C'est certainement sur ce sujet que vous nous interrogez le plus en consultation. Vous êtes souvent persuadée que hormones = prise de poids obligatoire. Il est particulièrement difficile de vous aider à faire la part des choses en vous expliquant les raisons de la prise de poids à la cinquantaine. Il est vrai que le THS peut éventuellement être en cause pour une partie de cette prise de poids s'il est mal adapté (trop dosé en estrogènes par exemple, ou encore un THS de la ménopause alors que vous êtes encore en périménopause). J'ai compris, avec nombre de mes confrères, que vous préférez encore subir les bouffées de chaleur et autres avanies de la ménopause plutôt que de prendre du poids. C'est la raison pour laquelle nous rencontrons tous les jours des femmes qui ont abandonné le THS car elles estimaient - à tort ou à raison - qu'il était responsable de plusieurs kilos mal venus.
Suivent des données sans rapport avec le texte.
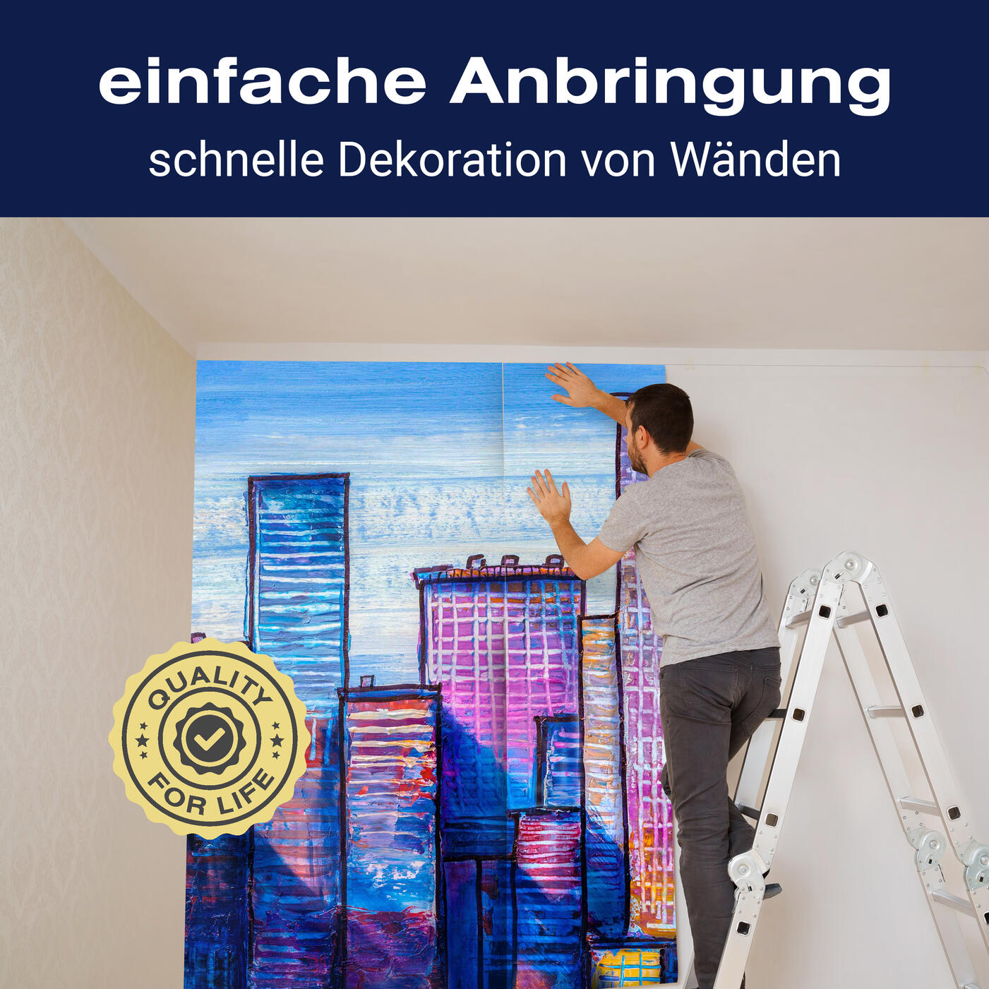 Träumst Du davon, Deine Wände in eine beeindruckende Kunstgalerie zu verwandeln? Mit unserer hochwertigen Fototapete Gemälde blaue Hochhäuser Stadt M5999 ist es jetzt möglich! Jede Wand wird zu einer Leinwand Deiner Kreativität.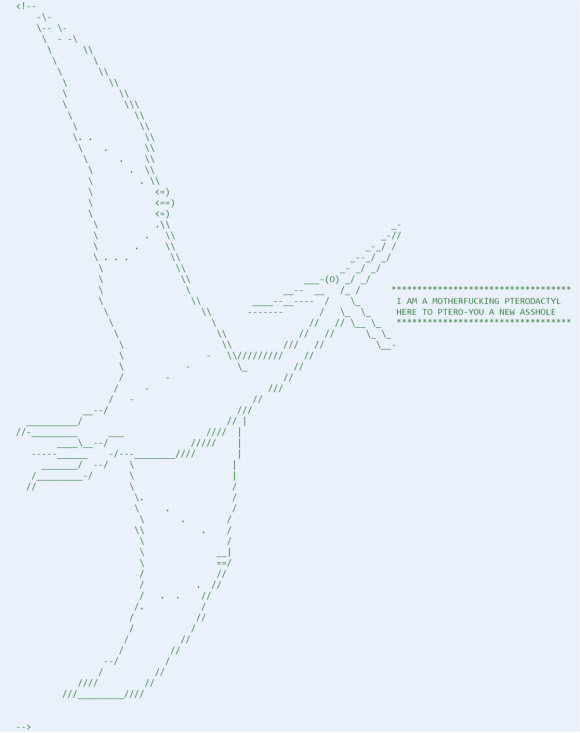 下面这只暴走的翼龙来自网站Oatmeal。该程序猿一定是在连续加班一周调试程序的时候遇到搞不定的Bug了。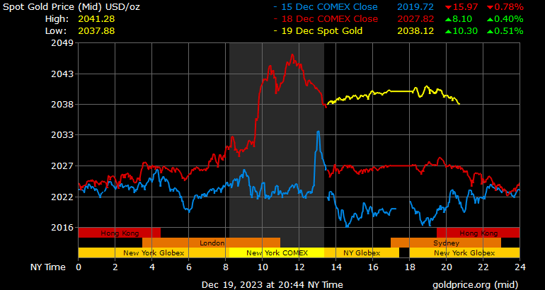 Giá vàng tương lai giao tháng 2/2024 trên sàn Comex New York tăng 11,6 USD, tương ứng tăng 0,57% lên 2.052,1 USD/ounce.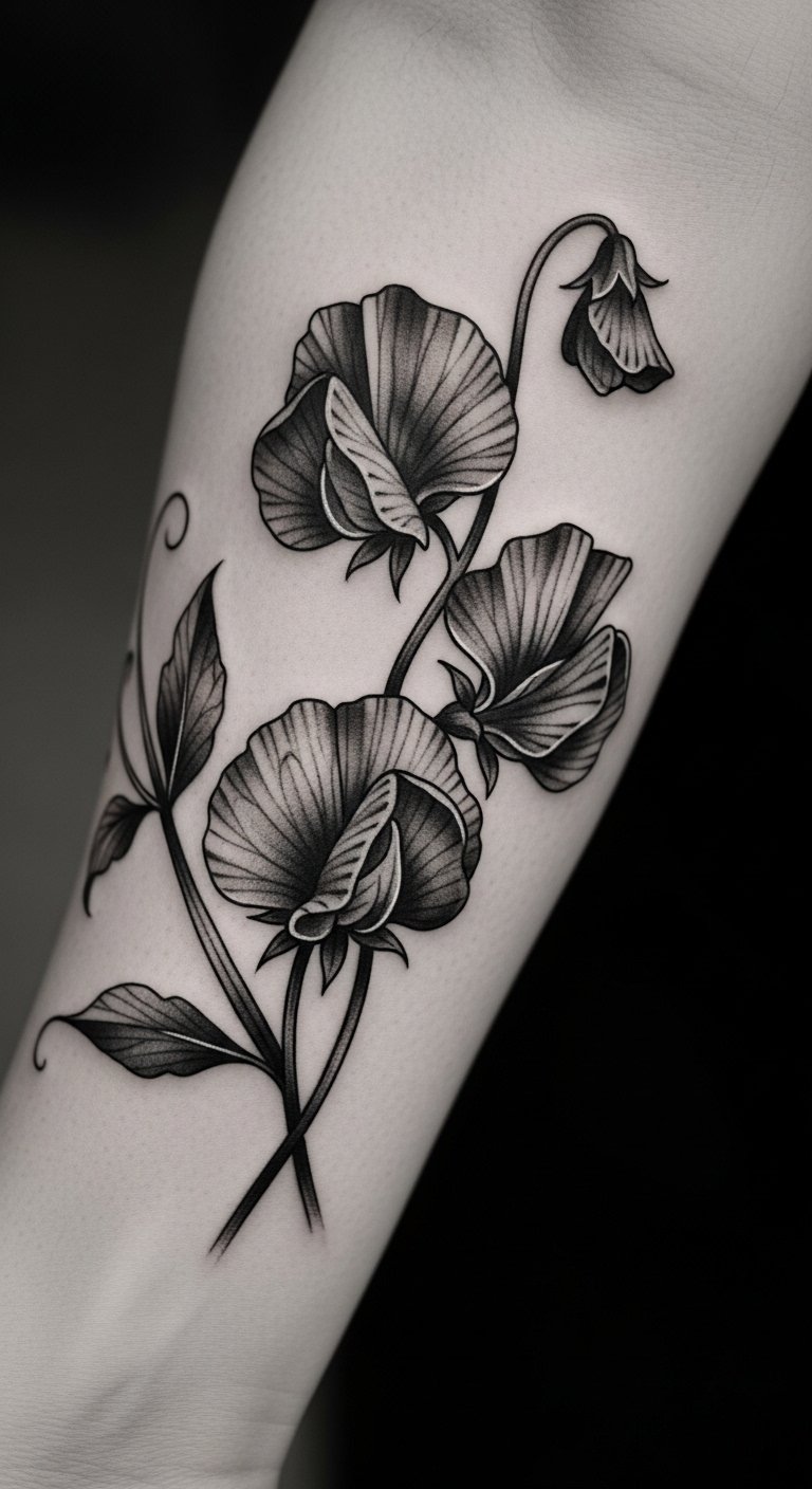 Black and gray sweet pea tattoos build strength. Choose this for a classic look. Sketch it in pencil first. Free templates online guide you. Place it where it matters. Such as your leg for private motivation. It represents steady growth. Practice with charcoal drawings. Do it at home easily. Keep it budget-friendly. Search for artists with low rates. A simple one won’t break the bank. Add details like veins for meaning. These tattoos foster resilience. Make yours unique. Try shading techniques with pens. See real progress in ink.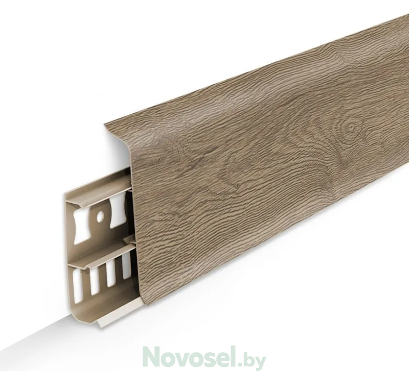 Производитель Ideal Коллекция Деконика Страна производства Россия Цвет бежево-коричневый, бежевый Материал ПВХ Назначение для ламината, для линолеума, для пола Помещение/здание для ванной и туалета, для дома/коттеджа, для квартиры, для комнаты, для коридора, для кухни Область применения внутри Поверхность структурная Степень блеска мат Стиль классический Тон светлый Имитация материала дерево Имитация дерева дуб Способ укладки на монтажную планку Форма прямая Длина, мм 2200 мм Особенности декоративное, с мягким краем, цветное Свойства влагостойкое, моющееся Кабель-канал 3 кабель-канала Высота по стене, мм 85 мм Ширина по полу, мм 22 мм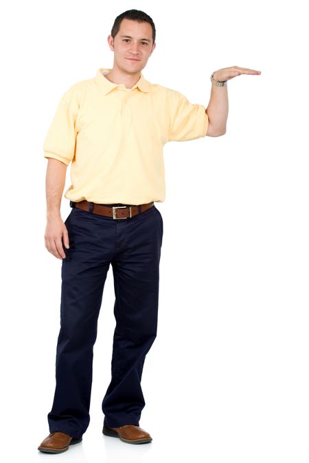 Casual friendly man in yellow and blue standing displaying something – isolated over a white background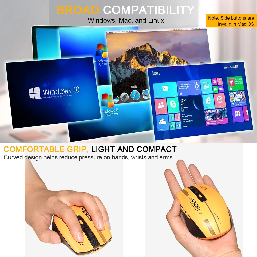 Comprar SENLIFANG-ratón inalámbrico con 6 botones tipo C, dispositivo DPI, silencioso, 2,4G, RGB, óptico, con receptor USB, para escritorio, PC, ordenador portátil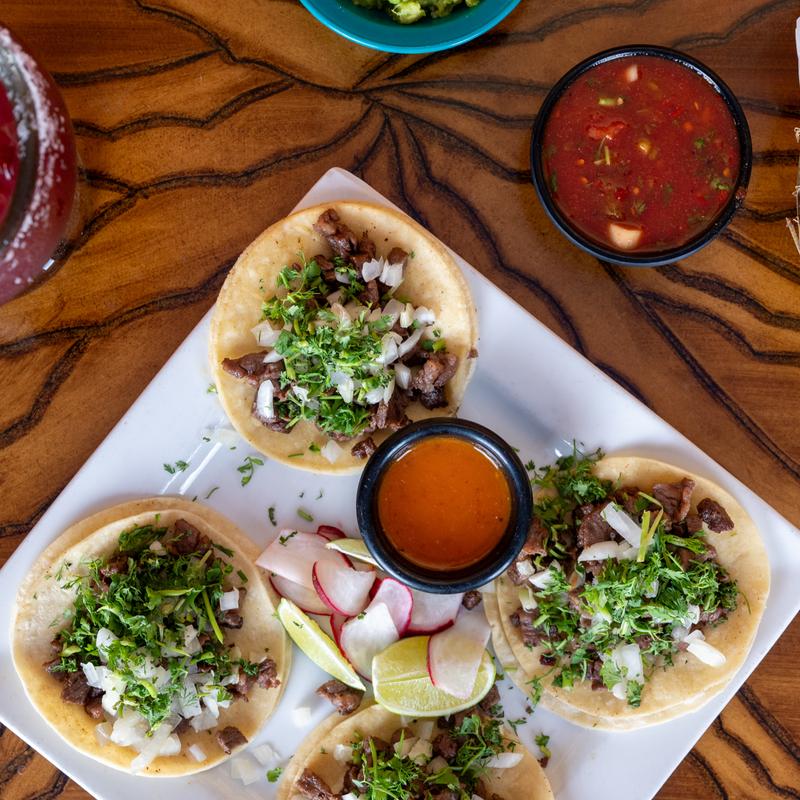 Three tacos, tender beef skirt steak flame broiled, sliced and folded into soft corn tortillas with onions and fresh cilantro and guacamole.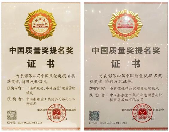 9月16日,在中國質量(杭州)大會上,第四屆中國質量獎評選結果揭曉,中國船舶集團旗下七〇二所、中船應急分別以“謀深致遠,奮斗最美”質量管理模式、全價值鏈精細化質量管理模式,榮獲第四屆中國質量獎提名獎。

Nous l'avons vu page, les raisons de la prise de poids sont en fait multiples et variées. Elles mêlent tour à tour chute de l'activité physique, augmentation sensible de la ration alimentaire, baisse du métabolisme de base, éventuelle hypothyroïdie trustre...
Les choses doivent être pourtant claires : un THS bien conduit, non seulement ne fait pas prendre de poids, mais vous aide à lutter contre cette problématique. De plus, en empêchant les graisses de se localiser dans la partie haute du corps (localisation préférentielle de la graisse masculine), le THS contribue à protéger votre système cardiovasculaire.

Ce qu'il faut retenir :

Le THS doit être particulièrement équilibré et correspondre à votre exact statut par rapport au phénomène de la ménopause.